Martha, Mary and Lazarus as a family community centered with faith in Jesus as the Lord of Life form a model for every Benedictine Community. Our nurturing and living the virtue of hospitality begins by knowing and receiving the love of Jesus. We are the ones whom Jesus loves. We are the ones whom Jesus freely died for and calls back from death to life. As we seek to live the life of hospitality, our hospitality flows from being at table with the Lord. It flows authentically by always seeking to serve the Lord without any complaint. It is sincere when we are able to show in an extravagant way how much we love Jesus without any apology, excuses or timidity. Mary was unconcerned about what anybody in the house would say all she knew was that she loved the Lord. He was going to die for her and she wanted to respond to this love. The more we can live a super abundant hospitality to Jesus the more we can live authentic and sincere and a Christian hospitality to one another and to all who come to us.

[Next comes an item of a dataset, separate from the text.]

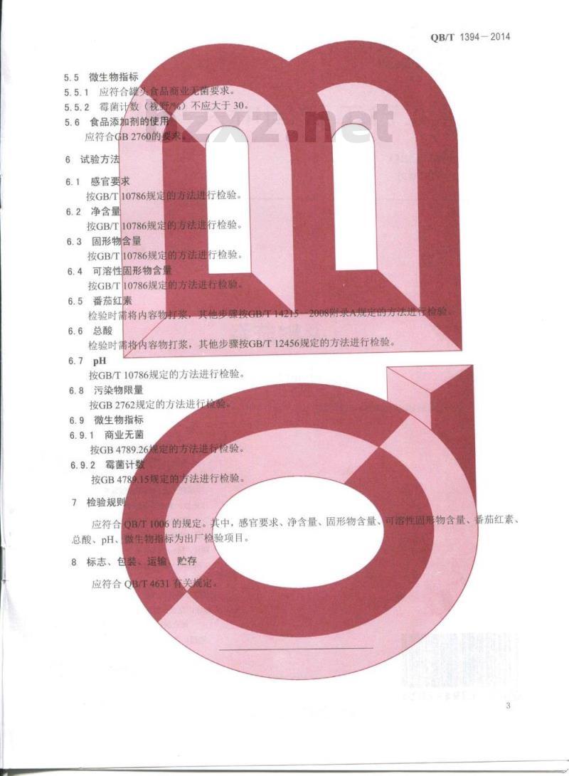 应符合QB/T1006的规定。其中,感官要求、净含量、固形物含量、可落性固形物含量、番茄红素、总酸、pH、

One of our Benedictine mottos is to pray and work, to pray and to serve. So our service is to pray and our prayer is to serve. There are many forms of hospitality more recently with the visit of the head master from Christ the King Priory in St. Louis, he explained the full notion of how in their school they best try to express their hospitality towards their students and the parents. So it is also with us, we need to express this hospitality toward each other and towards all who come to us. We must be honest and know that this hospitality has to be real. We have to become like Mary, not ashamed, unconcerned with letting others know that we love Jesus and that our hospitality for them grows from our love for Jesus. We must also be ready to be persecuted for this. We see in the Gospel through the witness of Lazarus many were coming to believe in Jesus. So the Sanhedrin put Lazarus on their death list as well. He too, was to be killed because of his witness to the Lord. When we witness to the Lord by genuine hospitality we must recognize that this goes against what the world finds acceptable. It goes against power, money, fame, having a good reputation, satiating all of our desires, just consuming and consuming. All of this will evoke a hostile reaction from the world to the point where we know in church history where many have given their lives. Our love for Jesus then expressed in true hospitality is meant to be others with faith in Jesus. To help them see in our love for them the unfounded love that Jesus has for them that they too will come to believe that: "Jesus is the resurrection and the life and that whoever believes in him will never die."